Microsoft Buys Ad Firm for $6 Billion
bain writes "The BBC is reporting that Microsoft has agreed to buy the digital marketing firm Aquantive, in what will be its biggest ever acquisition. The software giant spent almost $6 billion acquiring the agency, in its first bid to tackle the online advertising market. 'The deal is expected to be completed in the first half of 2008, subject to regulation. Microsoft said the expensive price tag was worth it to access the complementary technology of Aquantive. The firm will continue to operate from Seattle as part of Microsoft's online operations, and will help the software giant broaden the scope of services its MSN consumer internet unit can offer. Microsoft is the latest technology firm to pounce on the shrinking independent online advertising sector.'"
Just so you see that was a bargain for Google to acquire Doubleclick for that amount, and how much Microsoft was yearning for acquiring an advertising company, in order to better compete with Google on other fronts (instead of letting the real battle go to the "software as a service" front).
Good move for Google, they paid half the price for a better known entity.
You are being MICROattacked, from various angles, in a SOFT manner.
Sorta suprised you would need to block an advertising firm just because MS bought them. Would think most ad firms would already be blocked as a matter of course
I find it amusing, according to MS and others, that Google "overpaid" for Double-Click...#1 in the market. Not to mention the cries from Redmond of monopoly. However now, MS dishes out nearly twice the amount for the #2 in the market. Oh the irony. Google schools MS again.
I find it amusing, according to MS and others, that Google "overpaid" for Double-Click...#1 in the market. Not to mention the cries from Redmond of monopoly. However now, MS dishes out nearly twice the amount for the #2 in the market. Oh the irony. Google schools MS again.
That, and this is what I find interesting. Kmart bought Sears for $11 billion. Sears has been around for a number of years. They are known for their kenmore (albeit rebranded) and craftsman product lines. They have real inventory, real stores, and real employees. Chrysler was recently sold for 7.4 billion. Well, 80% of it, but I'm talking ballpark figures here.
Today, MS buys Aquantive. I've never heard of them before now. I would imagine this amounts to a database and some office space and maybe a website or something.
I saw a headline the other day where the kid who made facebook (just a website), refused to sell for $2billion.
To me, this seems overinflated. I guess that your ROI on "real" things like sears and chrysler dwarfs databases and websites.
I guess this makes sense when you think that we are in the information/service age and we have left the industrial age, but this still seems a bit strange.
See, here's the thing. Real Things are really hard to make. Research, development, testing, certification, more testing, marketing, shipping, storing, selling, and maybe even shipping one more time make for a lot of money invested to not a lot of return, considering all the effort that goes into them. Sure, you might say that Sears makes a lot of Real Things and has a lot of Real Assets and employs a lot of Real People, but at the end of the day, are its profits in line with the amount of money invested to do all this Real Stuff?

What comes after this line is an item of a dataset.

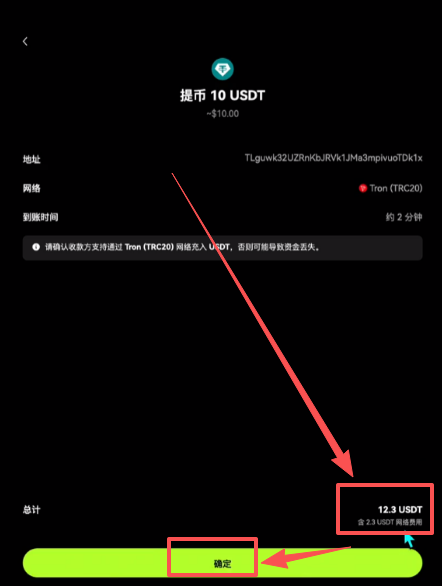 点击【确认】。一定要确认我们的地址以及转账网络是不是一一对应。
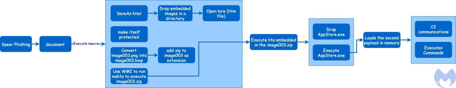 这次攻击很可能是从分发钓鱼邮件开始的,该邮件携带了武器化的恶意文件。下图显示了这次攻击的完整过程。在接下来的章节中,我们将对这个过程进行详细的分析。

For an investor, your ROI in Google is higher (now) than Sears because Google doesn't have as much Real Whatever to build and maintain. Sears does. Are the amounts of money pouring into these databases and websites inflated right now? Yeah, probably. But the returns are at least theoretically there. The same thing happened with railroads and electricity around the turn of the century, but these things are now so legacy and so embedded that they've become nothing but commodities.
The web is essentially the boomtown of the 21st century, like all the other industries (manufacturing or service) that have passed into the sphere of commodity. After information has -- and it will, I think, someday -- become a commodity, we'll find something else to form another speculative bubble around with a high ROI. It's the way of things. Today is no different from yesterday. The numbers just look bigger now.
What is is all that is. Isn't that obvious?